• DIRECTIONS:
Set down the data below exactly; pictures stay out.
----- PROVIDED MATERIAL
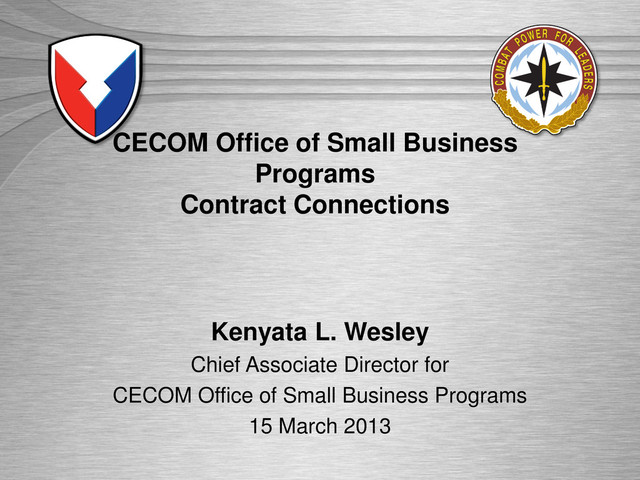 Business Statistics FY 12/13 CATEGORY *FY12 Eligible $’s= $ 9,513,465,793 *ACTUAL GOAL *FY13 Eligible $’s= $ 9,513,465,793 *ACTUAL As of 28 Feb 13 GOAL SMALL $1,249,990,878 13.14% 18.5% $218,894,036 9.37% 16.0% SDB $ 267,942,117 2.82% 2.5% $ 56,139,985 2.40% 2.5% WOSB $ 205,233,179 2.16% 0.6% $ 32,606,279 1.40% 0.6% SDVOSB $ 38,185,426 2.11% 1.0% $ 38,185,426 1.63% 1.0% HUBZONE $ 47,717,433 .50% 0.20% $ 5,589,669 .24% 0.20%
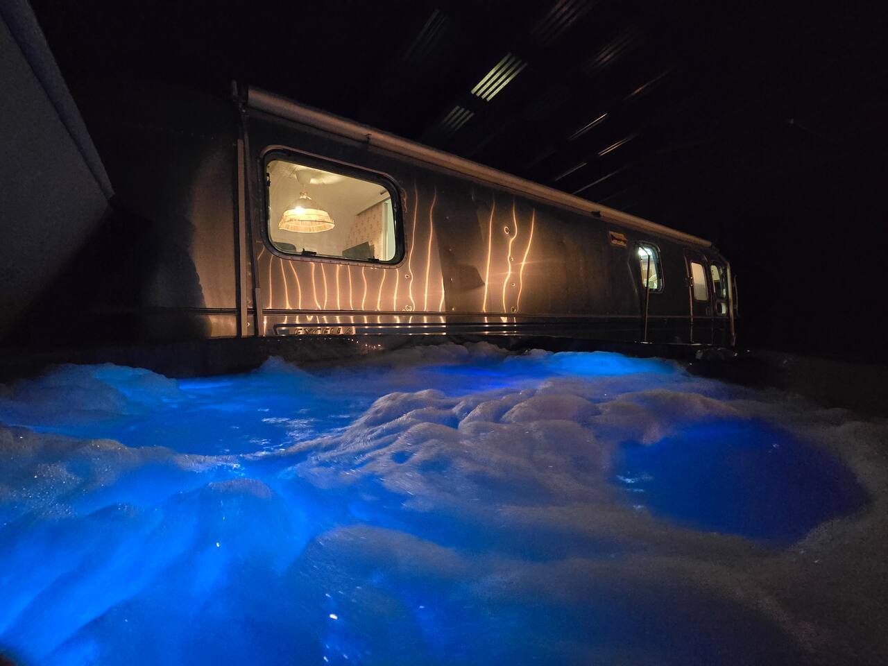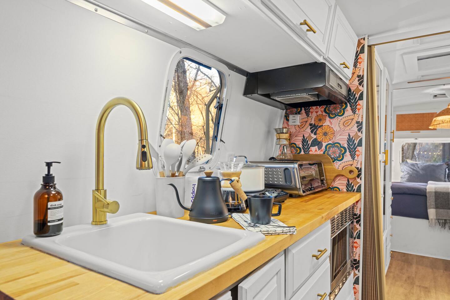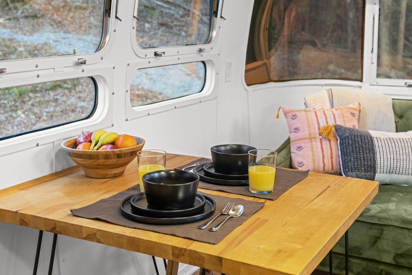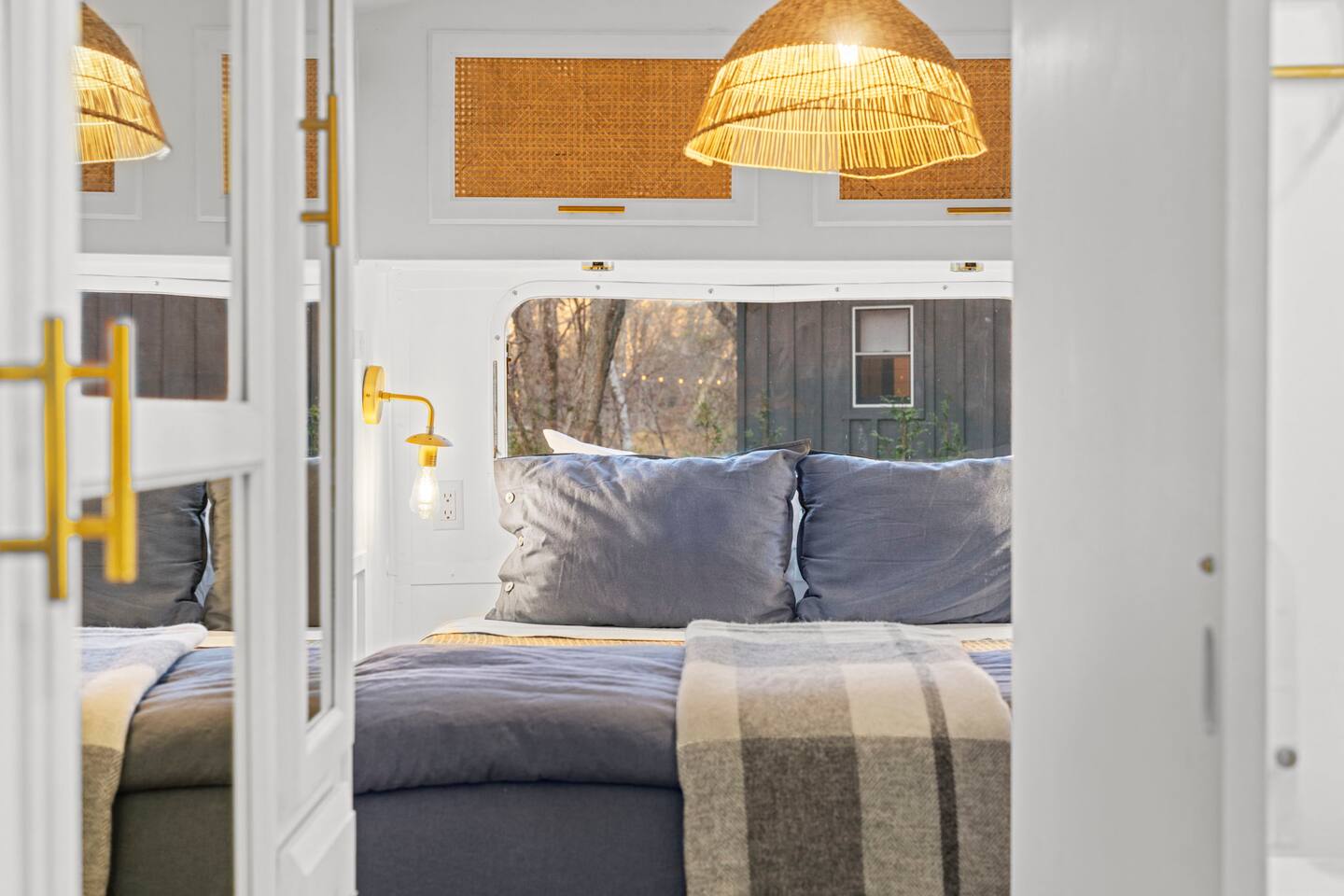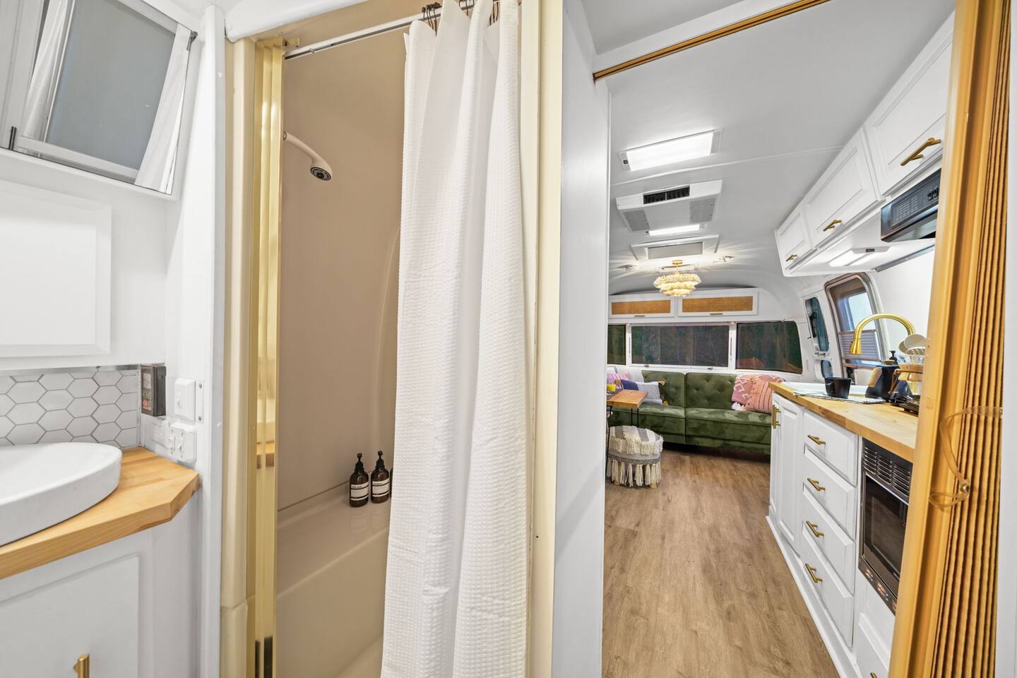 While our Airstream features a convenient single bathroom and shower, perfect for quick refreshes, we also offer access to a separate, luxurious bathhouse for an elevated experience. This shared bathhouse is thoughtfully designed to provide a private full-size shower and bathroom exclusively for each Airstream, ensuring your comfort and privacy. With heated floors and a spacious layout, the bathhouse delivers ultimate relaxation no matter the season. Whether you enjoy the cozy charm of the Airstream or the indulgent amenities of the bathhouse, you’ll have everything you need for a comfortable and refreshing stay. In addition to its charming indoor amenities, the Airstream offers an array of outdoor luxuries to enhance your stay. Unwind in your private hot tub under the stars or gather around the cozy fire pit, complete with comfortable outdoor furniture for relaxing evenings. The outdoor kitchen is fully equipped with a grill, sink, and picnic table, making it easy to prepare and enjoy meals surrounded by nature. This space is designed for both relaxation and connection, ensuring a perfect balance of comfort and outdoor adventure.
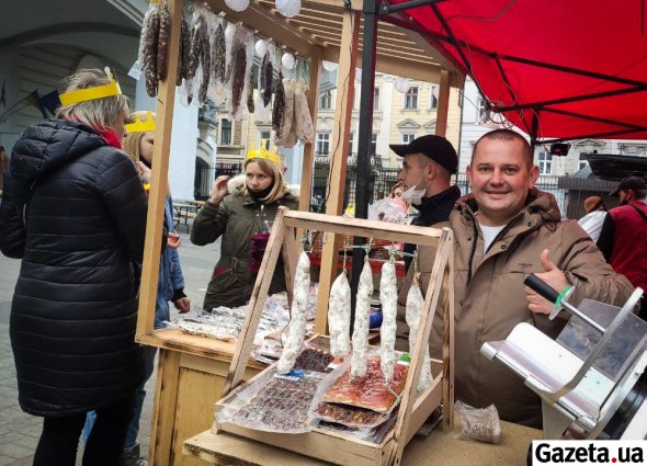 39-річний Андрій Башанський із Жовкви, містечка на Львівщині, за освітою кухар. На фестиваль привіз свою продукцію марки "Баша Кухня" – крафтові сиров'ялені делікатеси за авторською рецептурою. Ковбаски, бастурму, в'ялену яловичину у вині, салямі, вироби з конини - загалом 17 видів м'ясних смаколиків. Ціна за 100 г продукції – від 50 грн. Сімейну справу започаткував шість років тому.
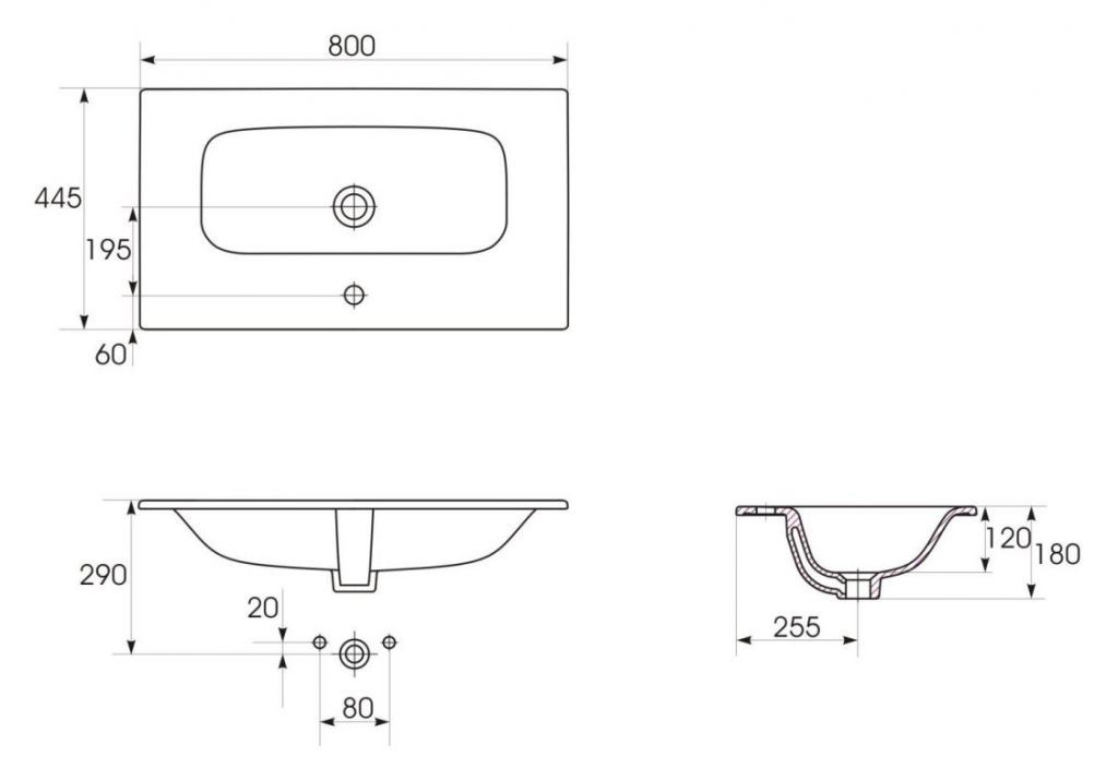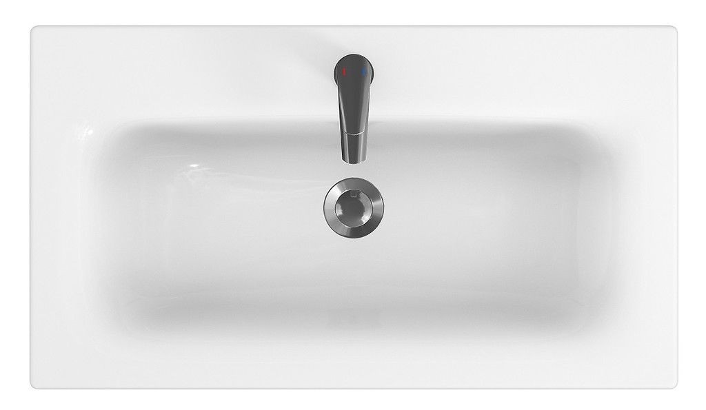 Sestava se skládá z umyvadlové skříňky MODUO a keramického zápustného umyvadla MODUO 80. Čela skříňky jsou vyrobena z lakované nábytkové MDF desky šedé barvy s lesklým povrchem. Skříňky série MODUO mají pohodlné frézované úchyty, které vytváří dekorativní prvky a umožňují jednoduché otevírání a zavírání dveří nebo šuplíků. Šuplíky jsou vybaveny systémem měkkého zavírání.
----------
• RESPONSE TO THIS TASK:
 Business Statistics FY 12/13 CATEGORY *FY12 Eligible $’s= $ 9,513,465,793 *ACTUAL GOAL *FY13 Eligible $’s= $ 9,513,465,793 *ACTUAL As of 28 Feb 13 GOAL SMALL $1,249,990,878 13.14% 18.5% $218,894,036 9.37% 16.0% SDB $ 267,942,117 2.82% 2.5% $ 56,139,985 2.40% 2.5% WOSB $ 205,233,179 2.16% 0.6% $ 32,606,279 1.40% 0.6% SDVOSB $ 38,185,426 2.11% 1.0% $ 38,185,426 1.63% 1.0% HUBZONE $ 47,717,433 .50% 0.20% $ 5,589,669 .24% 0.20%
 While our Airstream features a convenient single bathroom and shower, perfect for quick refreshes, we also offer access to a separate, luxurious bathhouse for an elevated experience. This shared bathhouse is thoughtfully designed to provide a private full-size shower and bathroom exclusively for each Airstream, ensuring your comfort and privacy. With heated floors and a spacious layout, the bathhouse delivers ultimate relaxation no matter the season. Whether you enjoy the cozy charm of the Airstream or the indulgent amenities of the bathhouse, you’ll have everything you need for a comfortable and refreshing stay. In addition to its charming indoor amenities, the Airstream offers an array of outdoor luxuries to enhance your stay. Unwind in your private hot tub under the stars or gather around the cozy fire pit, complete with comfortable outdoor furniture for relaxing evenings. The outdoor kitchen is fully equipped with a grill, sink, and picnic table, making it easy to prepare and enjoy meals surrounded by nature. This space is designed for both relaxation and connection, ensuring a perfect balance of comfort and outdoor adventure.
 39-річний Андрій Башанський із Жовкви, містечка на Львівщині, за освітою кухар. На фестиваль привіз свою продукцію марки "Баша Кухня" – крафтові сиров'ялені делікатеси за авторською рецептурою. Ковбаски, бастурму, в'ялену яловичину у вині, салямі, вироби з конини - загалом 17 видів м'ясних смаколиків. Ціна за 100 г продукції – від 50 грн. Сімейну справу започаткував шість років тому.
 Sestava se skládá z umyvadlové skříňky MODUO a keramického zápustného umyvadla MODUO 80. Čela skříňky jsou vyrobena z lakované nábytkové MDF desky šedé barvy s lesklým povrchem. Skříňky série MODUO mají pohodlné frézované úchyty, které vytváří dekorativní prvky a umožňují jednoduché otevírání a zavírání dveří nebo šuplíků. Šuplíky jsou vybaveny systémem měkkého zavírání.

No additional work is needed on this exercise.